I will let you know how the stain stick works out after I have something to use it on lol


----------



## Onion-Creek-Oberhaslis (Sep 25, 2013)

Thanks to my Secret Santa! I got my package in yesterday. LOVE it! My cat is sooo picky (she only eats cat food ).... She loved her treats! Cheyanne (my dog) says thank you for the grain free treats (she is allergic to grain, how did you know?!). Loved them too! Now both my cat and dog beg for more! I will have to find out who the lucky goat is that gets the bell. I loved the mug, the coca and the maple syrup candies (my favorite!). Thanks again!

~Sierra And The Crew At Onion Creek!


----------



## wildegoats0426 (Aug 30, 2013)

This is the best secret Santa gift I have EVER gotten!!


----------



## Crystal (Jan 20, 2013)

I absolutely love my Secret Santa gifts. Thank You.:leap: As soon as I can upload my pictures I will post them.


----------



## Crystal (Jan 20, 2013)

Okay my internet is working again on my laptop so I can post a picture now. Just love my scarf it is so pretty. Two bracelets one with a horse shoe. The key chain did not show in this picture. Loved everything. :thankU::lovey:


----------



## nchen7 (Feb 25, 2013)

still waiting to see if my SS got their gift yet.....


----------



## goathiker (Apr 14, 2011)

There has been lots of time for gifts to get where they are going, with the exception of the gal in SA who only gets mail twice a month...
Has everyone sent out the gifts?

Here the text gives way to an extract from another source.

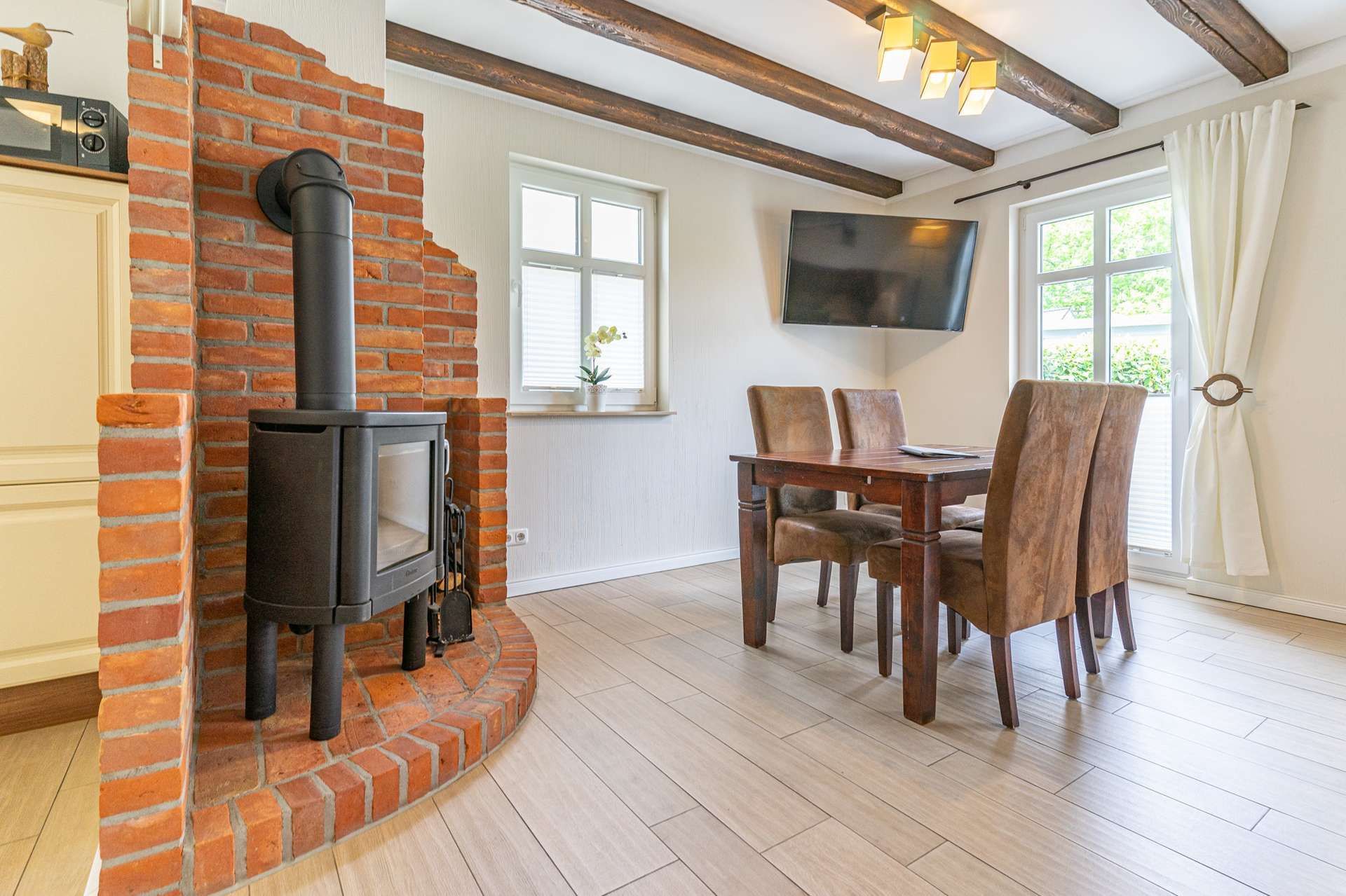 Der großzügige Essplatz befindet sich gleich nebenan im Wohnraum. Hier können Sie auch von einer bequemen Sitzgruppe dem Knistern des Kamins lauschen oder einen gemütlichen Fernsehabend verbringen. Der Full-HD Fernseher sowie ein Blue-Ray Player, ist mit nur einer Fernbedienung sehr einfach zu handhaben. So wird Ihr neues Zuhause zu einem wahren Ferien-Erlebnis.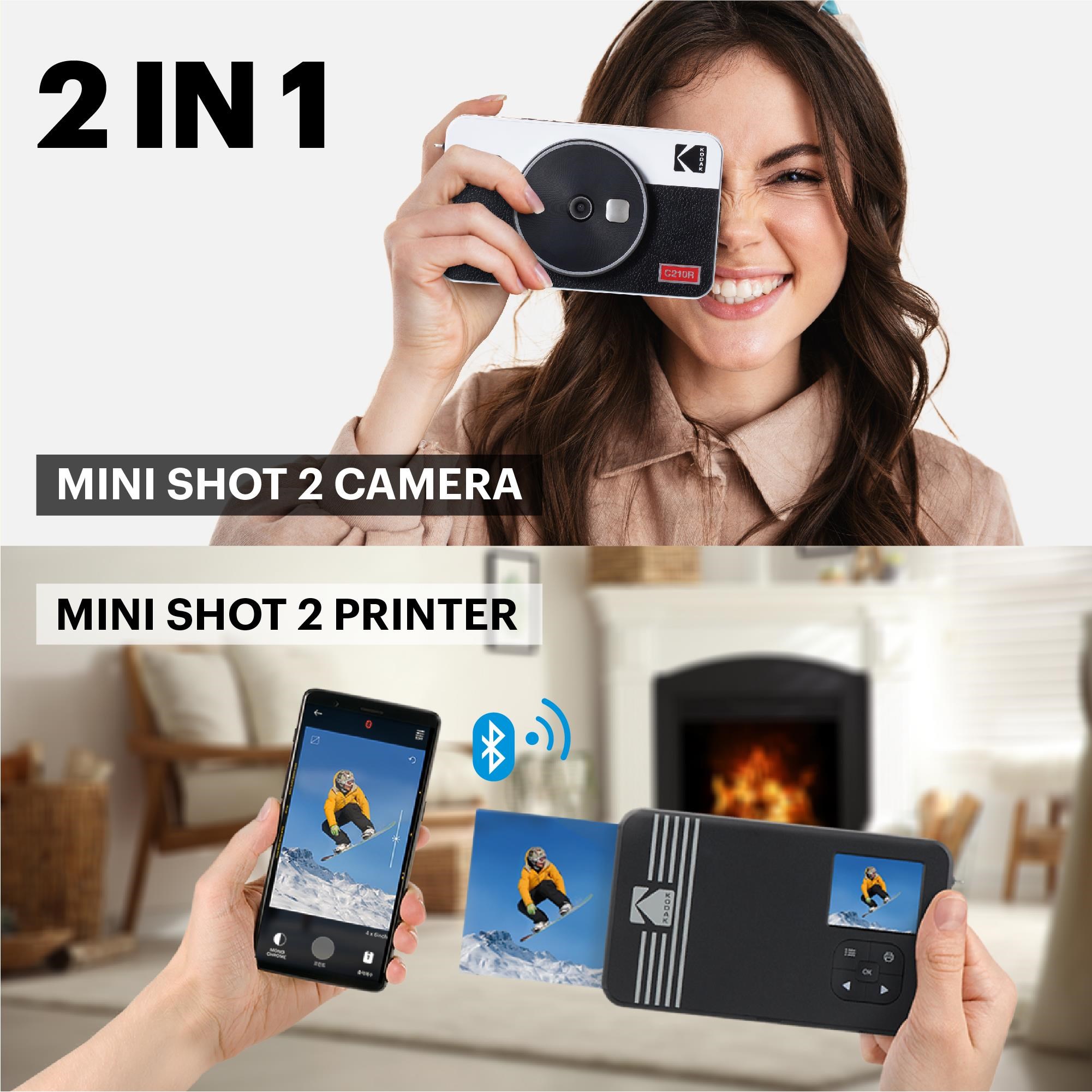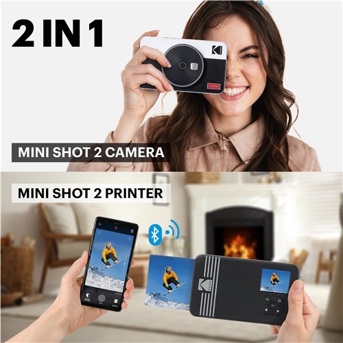 Point. Shoot & Print - Instantly! Kodak Mini Shot 2 Retro allows you to shoot and print snapshots anytime and anywhere! Print them directly from the Kodak Mini Shot 2 Retro or connect it to any mobile device via Bluetooth to print from the photo gallery quickly and effortlessly.

Have people received them that haven't posted back yet? Where is everyone??? :lol:


----------



## J.O.Y. Farm (Jan 10, 2012)

I got mine and my SS got theirs!


----------



## MoonShadow (Mar 1, 2015)

I'm still waiting to see if my ss got their gift also.


----------



## HappyCaliGoats (Mar 19, 2014)

Haven't received it yet but I'm here! Lol!


----------



## goathiker (Apr 14, 2011)

Going through my records the hold up seems to be at the Canadian border. We have gifts going to and from strange places and 3 different countries involved :lol:


----------



## nchen7 (Feb 25, 2013)

LOL. that would be for ME!! i'm still waiting on mine. i changed my address, but it should still come to me (same building, different unit...)


----------



## goathiker (Apr 14, 2011)

Actually, there are 6 people outside of the mainland of America...


----------



## shaunerna (Jul 2, 2013)

From SA - nothing yet - will go and check my postbox again tomorrow


----------



## thegoatmama (Mar 19, 2015)

Hi. haven't been around in a while. Before Christmas I pulled a muscle in my back and been laid up. Super fun. It delayed me finishing making my present, but it's almost done now and will get sent out soon! Will it add a touch of Hawaii to know that this was made on Hawaiian time? :laugh:
Checked my box just the other day and still waiting for mine. :book:


----------



## nchen7 (Feb 25, 2013)

Ah...the joys of snail mail!


----------



## CrazyDogLady (Aug 9, 2014)

Got and sent mine. However, going to send a pm because my person just said they didn't receive theirs.


----------



## shaunerna (Jul 2, 2013)

I received my present today - thank you very much my Secret Santa - I love the handmade goats milk soap, the sea salt and the candy (very nice)!


----------



## shaunerna (Jul 2, 2013)

Will post a picture later when I have better internet connection


----------



## MoonShadow (Mar 1, 2015)

Anymore news on gift arrivals? As far as I know my SS buddy hasn't received theirs yet.


----------



## thegoatmama (Mar 19, 2015)

I mailed mine on Monday :woohoo: <--- happy post office dance :lol:


----------



## nchen7 (Feb 25, 2013)

The wait was definitely worth it! I bare got my coat off beforehand ripping into the box, and when I did I found the CUTEST handmade stuffy with a note. Josie is adorable, and I'm sure she's even better in real life. The bf wants to turn stuffy Josie into a Christmas ornament, that's how much we love it!!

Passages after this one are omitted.